Pour le moment, le retournement est surtout visible dans l’éolien en mer. Ce secteur, très dépendant d’un petit nombre de commandes publiques XXL, a perdu 200 emplois en France l’an dernier, selon l’Observatoire des énergies de la mer.
Après un plan social d’ampleur chez le constructeur GE Vernova en Loire-Atlantique l’an dernier, le développeur allemand RWE prévoit de supprimer une cinquantaine de postes dans l’Hexagone, actant ainsi sa sortie de l’éolien en mer en France, où il venait pourtant de remporter son premier appel d’offres avec TotalEnergies.
Dans le photovoltaïque, EDF est en train de fermer l’usine de panneaux solaires Photowatt, avec 162 suppressions de postes à la clé, tandis que la faillite de l’installateur alsacien France Solar s’est soldée par une centaine de licenciements. Ces derniers mois, plusieurs autres PME du secteur, comme EverWatt, ont aussi mis la clé sous la porte. Avec, à chaque fois, des dizaines de licenciements économiques.
Ailleurs, « on ne voit pas encore de gros plans sociaux mais ça va arriver », craint Daniel Bour, président du syndicat Enerplan.
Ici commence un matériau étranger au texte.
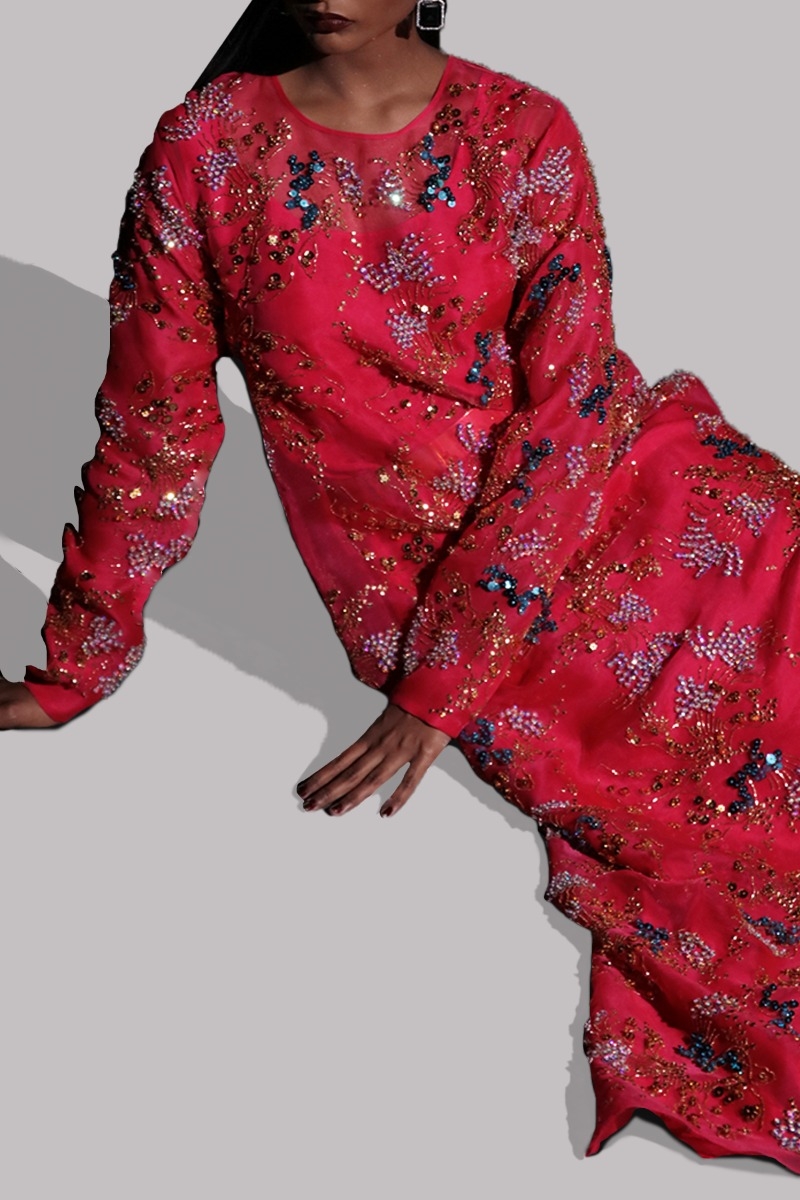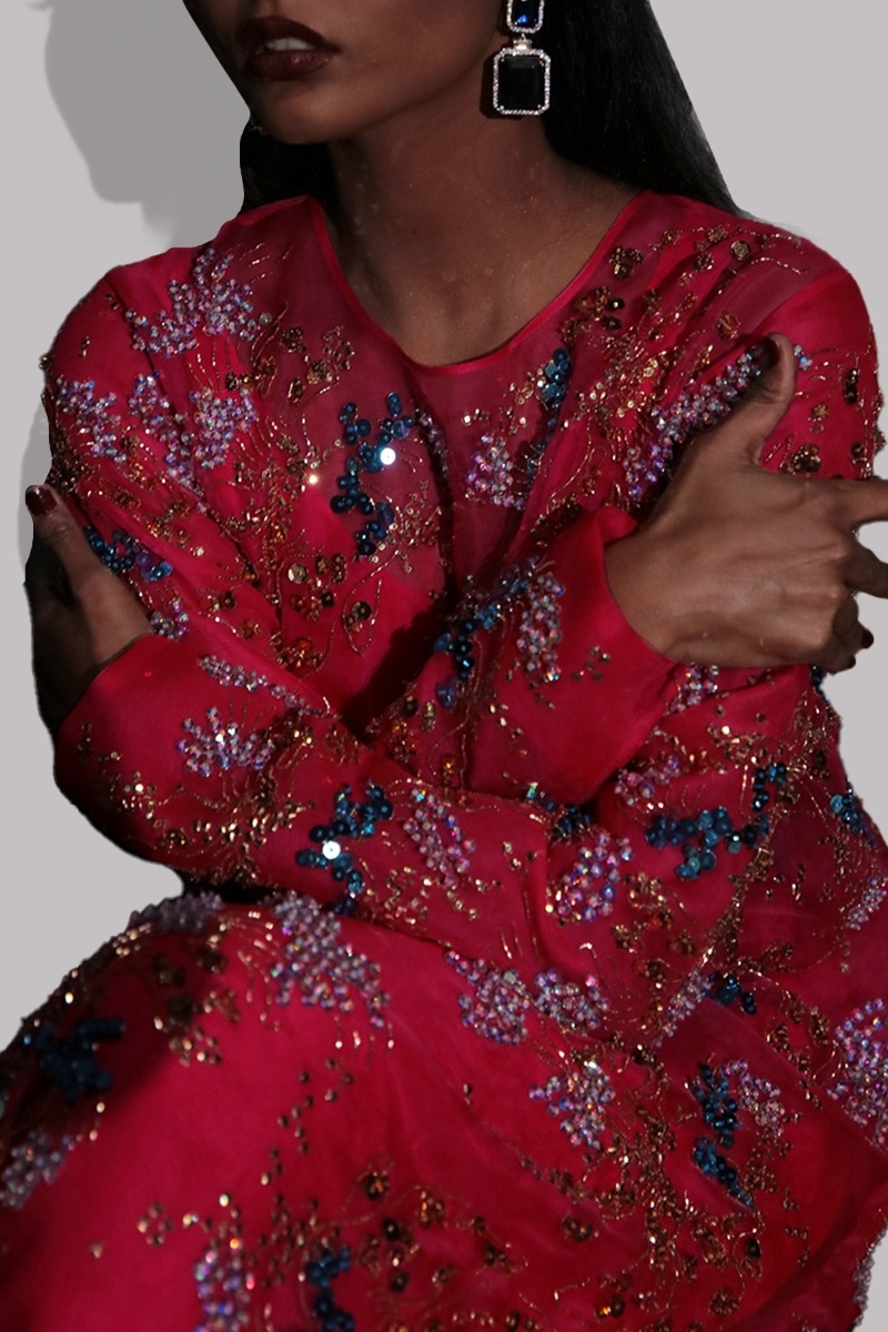 Lollipop Red, Straight raw silk maxi dress, hand embellished with multi-coloured French and Italian sequins.

L’attentisme actuel contraste avec le dynamisme des dernières années. Le nombre de salariés dans le solaire avait quadruplé entre 2019 et 2024, pour atteindre 49.500 emplois directs et indirects, selon France Renouvelables.
« Tension générale »
« On n’a pas encore recensé les créations d’emplois de cette année, mais il y a une tension assez générale. Naturellement, vous n’êtes pas disposés à recruter », constate Mattias Vandenbulcke, directeur général adjoint de France Renouvelables.
Les créations d’emplois n’ont toutefois pas été linéaires ces dernières années. Elles avaient ralenti lors de la crise énergétique de 2022, puis de nouveau en 2024, année marquée par la dissolution de l’Assemblée nationale. Aujourd’hui, estime Jens Bicking, « la situation a un goût du moratoire comme en 2010 », lorsque l’État avait donné un coup d’arrêt à la filière solaire, alors en surchauffe.
Dans ce contexte, beaucoup d’entreprises font le dos rond. En perte l’an dernier et récemment racheté par le fonds Ardian, Akuo veut industrialiser son organisation, en triplant ses capacités solaires, éoliennes et batteries dans une douzaine de pays… sans augmenter son équipe actuelle de 450 personnes.
Profils gagnants
Dans la crise actuelle, certains profils tirent néanmoins leur épingle du jeu. Pour les cadres et les dirigeants, « on nous demande des profils plus tournés vers la rentabilité de projets, à l’aise avec les notions de capex, opex et TRI [dépenses d’investissement, dépenses opérationnelles et taux de rendement interne, NDLR], pointe Jens Bicking. C’est le signe d’un marché plus mûr, qui ne peut plus reposer uniquement sur des tarifs garantis ».
Pour les professionnels de la construction et l’exploitation, « les évolutions de salaire sont plus contrastées que pour les équipes de développement, avec parfois des hausses », car l’optimisation et la valorisation de la production deviennent vitales pour la pérennité des entreprises du secteur. « Les spécialistes du pilotage intelligent de la valorisation, de la production et de la consommation d’énergie sont de plus en plus recherchés », constate le patron d’Elatos.
En quête de relais de croissance, nombre de producteurs misent en effet sur le stockage d’électricité, pour améliorer le rendement de leurs centrales, faire du trading d’électricité ou participer, contre rémunération, à l’équilibre du réseau électrique. Mais l’installation de batteries est « moins intensive en hommes que le développement de projets solaires et éoliens », relève Elatos.
Le cabinet constate enfin « un regain d’intérêt pour les fonctions de communication et de lobbying au niveau local, régional et national, qui restent à développer ». L’objectif : contrer sur le terrain les adversaires des énergies renouvelables, qui les jugent trop coûteuses ou inutiles.